Data in Synapse is normally accessed via the Synapse client but Synapse allows access to select data directly in Amazon S3. The original, motivating use case is to support access to data uploaded by the Bridge Exporter. The details are given here:

...

Here is the documentation for the use of the AmazonS3 connector. I believe the code is here. To use Spark with Synapse (without the STS token feature) would require a Hadoop Synapse connector. Note that Spark uses data partitioning, nominally based on file path hierarchy, so that may have to be reflected in the connector.

Potential Solutions

Separate S3 Access from Synapse

In this approach, Synapse would merely track user permissions, but have no representation of the object being accessed. The user info returned by Synapse could include governance related information as well as permissions. A separate application (acting as an OIDC client) would authenticate a user through Synapse, retrieve user permissions, and contain the logic that creates STS tokens for approved users.
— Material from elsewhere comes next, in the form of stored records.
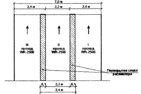 Рис. 2. Технологический план потока по устройству слоя основания (покрытия) из плотных смесей Грунт уплотняют за 8 - 10 проходов катка по одному следу. Первые проходы начинают от кромки проезжей части, затем последующими проходами, смещаясь за каждый проход на 1/3 ширины катка, уплотняют обочины, не доходя 0,3 - 0,5 м до откоса. После этого уплотнение грунта обочины продолжают с перемещением от бровки земляного полотна к проезжей части. При первых двух - трех проходах катка скорость движения составляет 2 - 3 км/ч, при последующих проходах скорость увеличивают до 5 км/ч. Уплотнение грунта заканчивают, когда достигают заданного коэффициента уплотнения 0,98 - 1. Обочины должны быть уплотнены до требуемого коэффициента уплотнения, а также должны иметь ровную поверхность. Поперечный уклон обочин должен обеспечивать сток воды. 2.5. Уплотнение щебеночного (гравийного) основания (покрытия) выполняют в три периода. В первом периоде делают подкатку щебеночной (гравийной) смеси легкими гладковальцовыми катками массой 5 - 6 т за 5 - 6 проходов по одному следу. Скорость движения катков должна быть минимальной - 1,5 - 2 км/ч. Подкатку начинают от краев основания с постепенным перемещением проходов к середине и перекрытием следов на 1/3 ширины вальца катка. После первых проходов катка, в случае необходимости, дорожные рабочие добавляют и разравнивают щебеночную смесь в местах просадок. Во втором периоде щебеночную смесь уплотняют тяжелыми катками на пневматических шинах ориентировочно за 15 - 25 проходов по одному следу. Необходимое число проходов катка по одному следу определяют пробной укаткой. Первые проходы делают по краям основания, последующие - постепенным смещением к середине основания и перекрытием предыдущего следа на 30 - 50 см. Скорость движения катков при первых проходах - минимальная. При последующих проходах скорость повышают до возможной паспортной рабочей скорости. Давление воздуха в шинах 0,6 - 0,8 МПа в зависимости от класса прочности щебня. В сухую и жаркую погоду щебеночную смесь перед уплотнением и в процессе уплотнения поливают водой из поливомоечной машины. Необходимую норму розлива устанавливает представитель лаборатории. В местах просадок дорожные рабочие граблями или киркой разрыхляют верхний слой основания, добавляют щебеночную смесь, планируют ее под рейку и оставляют под дальнейшую укатку. Признаком достаточного уплотнения основания является отсутствие следа от прохода катка; щебенка, брошенная под валец катка, должна раздавливаться. Контроль плотности в полевых условиях выполняют методом лунки. В тех случаях, когда отсутствует каток на пневматических шинах, щебеночную смесь уплотняют вальцовыми самоходными катками в такой последовательности: · в первом периоде уплотняют щебеночную смесь легкими (массой 6 т) или средними (массой 8 т) катками за 8 - 15 проходов катка по одному следу при скорости движения 1,5 - 2 км/ч; · во втором периоде щебеночную смесь уплотняют тяжелыми вальцовыми катками (массой 11 т и более) за 10 - 20 проходов катка по одному следу. Скорость движения катков на первых проходах 1,5 - 2 км/ч, при последующих проходах скорость повышают до паспортной. В первом и втором периодах укатку ведут от краев с постепенным смещением проходов к середине основания и перекрытием предыдущего следа на 1/3 ширины вальца катка. Если на поверх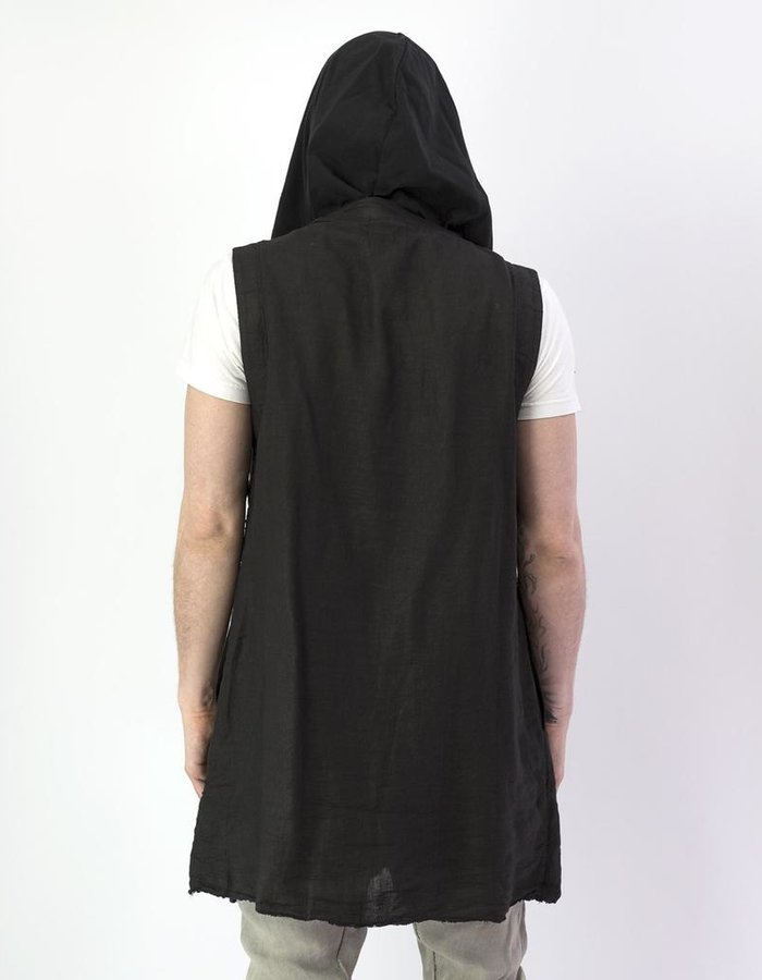 A person is standing with their back to the camera, wearing a black vest over a white shirt. The vest has a zipper and is made of a smooth, dark fabric. The person is wearing beige pants and has a tattoo on their right arm. The background is a plain, light-colored wall. | ANDREA YA\xe2\x80\x99AQOV LINEN VEST :BLACK | d73d2dfcc8825cf9a7152e7b16198373394098f8440c09462508a751911bfccb | 001229718026 | 0 | 0 | 52 | 5 | 0 | 0 | |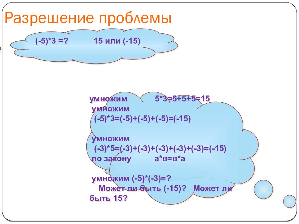 (-5)*3 = ? 15 или (-15) умножим 5*3=5+5+5=15 умножим (-5)*3=(-5)+(-5)+(-5)=(-15) умножим (-3)*5=(-3)+(-3)+(-3)+(-3)+(-3)=(-15) по закону а*в=в*а умножим (-5)*(-3)=? Может ли быть (-15)? Может ли быть 15?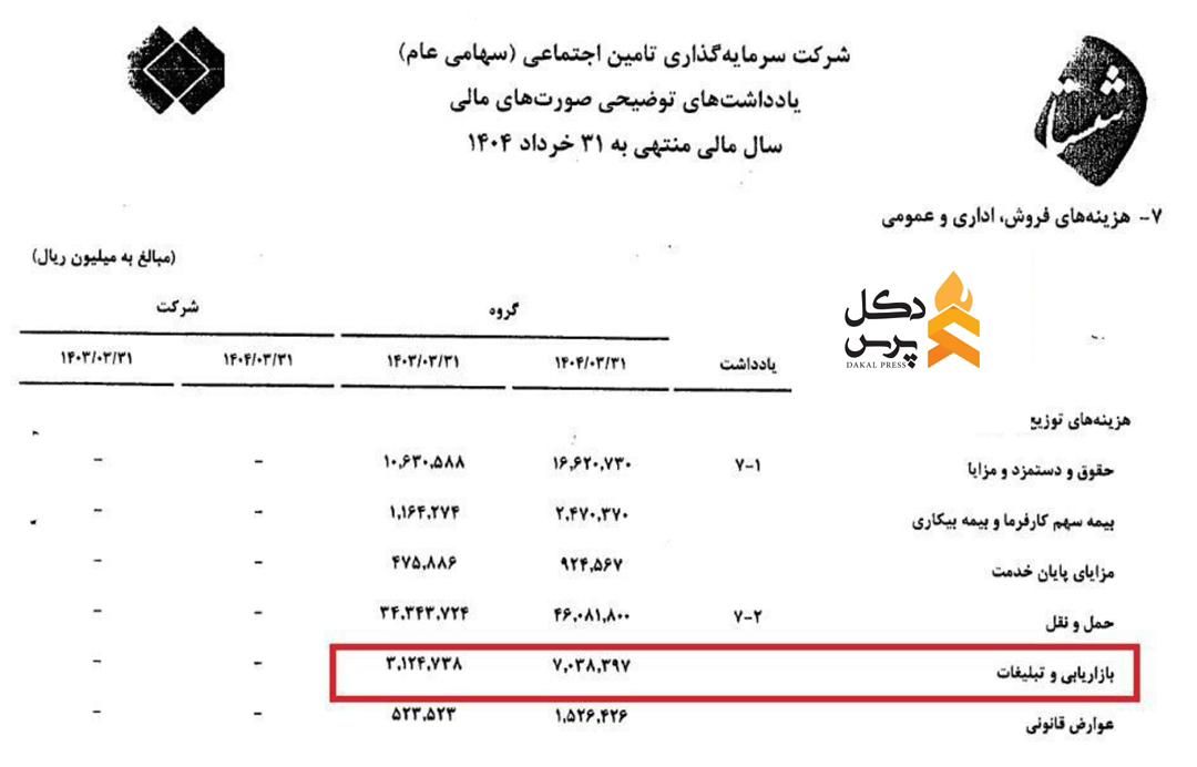 صورتهای مالی تازه منتشرشدهی گروه سرمایهگذاری تأمین اجتماعی (شستا) نشان میدهد که این مجموعه در سال گذشته بیش از ۷۰۴ میلیارد تومان برای تبلیغات و بازاریابی هزینه کرده است؛ رقمی که نسبت به سال ۱۴۰۲ با رشد بیش از ۲.۲ برابری همراه بوده است

Note that such an application could gate access to a variety of AWS resources (EC2 instances, clusters, batch compute services), providing the appropriate STS token for the service of interest.

Synapse S3 Bucket Entity

In this approach Synapse would have an entity representing the S3 bucket, or a folder within, but would not represent the contained objects. The entity could have an access control list and governance settings (access requirements) and Synapse would contain the logic by which STS tokens are generated.